You can’t hide the truth from children. But you need to present it in such a way that they understand that this can be dealt with and that you will do it together. Don’t say, «We’ll get divorced soon.» It’s better to say: “My dad and I have problems, but we want to solve them.” It is not necessary to describe everything in detail. If they themselves ask questions (“Mom, what, does dad want to leave us?”), They need to be answered: “It’s not completely decided yet, dad hesitates. I want you to know that he loves you very much.»

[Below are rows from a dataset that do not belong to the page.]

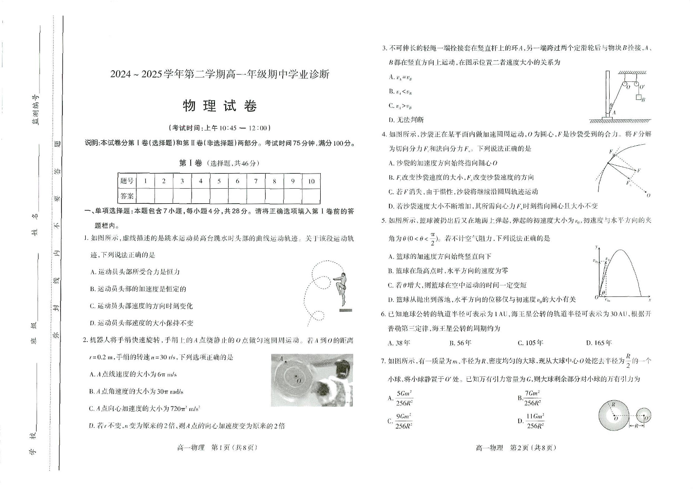 山西省太原市2024-2025学年下学期高一期中考试物理+答案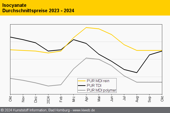 Obwohl bei MDI die Nachfrage schwach blieb, versuchten Erzeuger abermals, die Notierungen anzuheben – und scheiterten damit erneut. In den meisten Verhandlungen lief es auf ein Fortschreiben der Vormonatspreise hinaus. Anders bei TDI: Hier gelang es den Anbietern einen weiteren Monat in Folge, die Preise im Markt anzuheben. Begründet wurden die Aufschläge mit den Auswirkungen der Wartungen und einer vermeintlich lückenhaften Versorgungslage.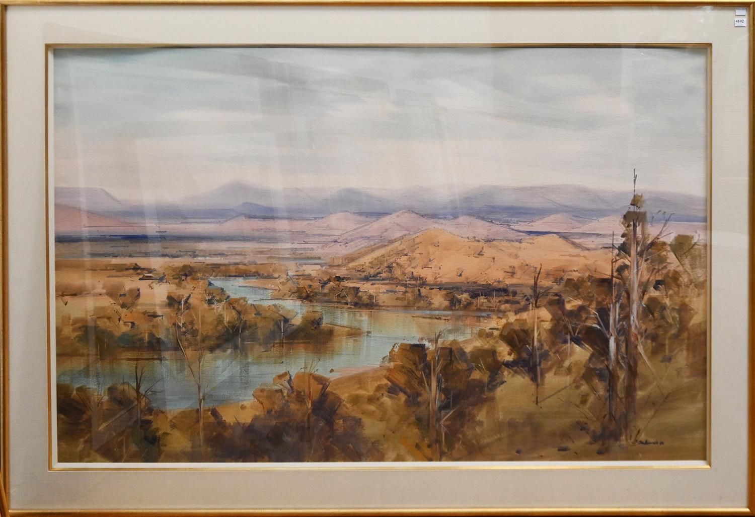BARNEY ELLAGA, ALAWA COUNTRY 1995, ACRYLIC ON CANVAS, STAMPED VERSO ALCASTON HOUSE GALLERY, 94 X 192CM PROVENANCE: THE NATIONAL AU...

If you do break up, it is important that the girls have the feeling that dad still loves them and will love them. In no case do not interfere with their meetings. At the same time, talk about how you feel: «My husband left, I’m bitter, it would only be better for everyone if dad stayed.» Such conversations are important for children because they see the experience and example of the mother, how to experience and overcome grief without loss. That it’s not the end of the world. It is at this point that children begin to grow up.